Personal information
- Full name: Tyler John Buchan
- Born: 12 September 1985 (age 40) Aberdeen, Aberdeenshire, Scotland
- Batting: Right-handed
- Bowling: Right-arm medium-fast

Domestic team information
- 2011/12: Scotland

Career statistics
| Competition | Twenty20 |
| Matches | 5 |
| Runs scored | 5 |
| Batting average | 2.50 |
| 100s/50s | –/– |
| Top score | 3 |
| Balls bowled | 60 |
| Wickets | 2 |
| Bowling average | 49.50 |
| 5 wickets in innings | – |
| 10 wickets in match | – |
| Best bowling | 1/17 |
| Catches/stumpings | 1/– |
- Source: Cricinfo, 15 June 2022

= Tyler Buchan =

Scottish cricketer (born 1985)

Tyler John Buchan (born 12 September 1985) is a Scottish former cricketer.

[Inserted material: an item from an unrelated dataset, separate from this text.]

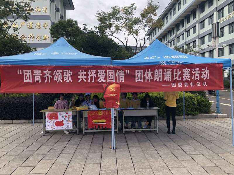 2019年10月29日,团委会礼仪队在小广场举办完了“团青齐颂歌 共抒爱国情”团体朗诵、歌咏比赛。本次活动增强了同学们的集体荣誉感和团结感,激发了同学们的团队合作精神,以合唱和朗诵的方式来表达对祖国的爱国之情,弘扬爱国主义精神。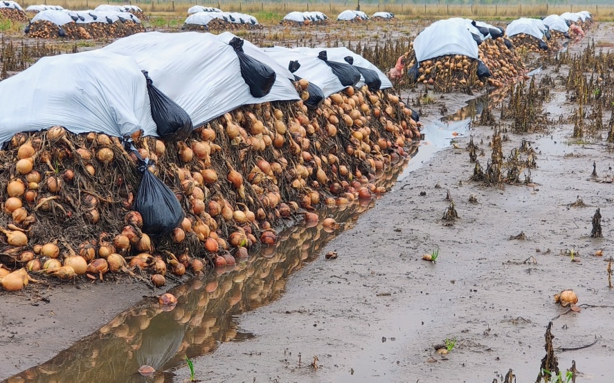 Economía INTA HILARIO ASCASUBI Las lluvias excepcionales del 31 de marzo, con más de 100 mm acumulados en pocas horas, provocaron anegamientos en lotes de cebolla apilada en el valle bonaerense del río Colorado. Para dimensionar el impacto de esta situación, es importante analizar cada lote en particular. Si bien la humedad acelera la manifestación de pudriciones bacterianas, la magnitud del problema varía según el grado de curado previo, el tiempo que las pilas permanecieron bajo agua, el tipo de suelo, la rapidez con que se orearon los lotes y la temperatura ambiente, que según los pronósticos se mantendrá por debajo de los 25°, condición que previene el avance rápido que se daría con mayores temperaturas.

Buchan was born at Aberdeen in September 1985. He was selected in the Scotland Under-19 squad for the 2006 ICC Under-19 Cricket World Cup, making three appearances during the tournament. He later played for the senior Scotland side during their tour of Namibia in October 2011, making five Twenty20 appearances against the Namibian cricket team. He took two wickets during the series. In club cricket, Buchan played for Aberdeenshire Cricket Club.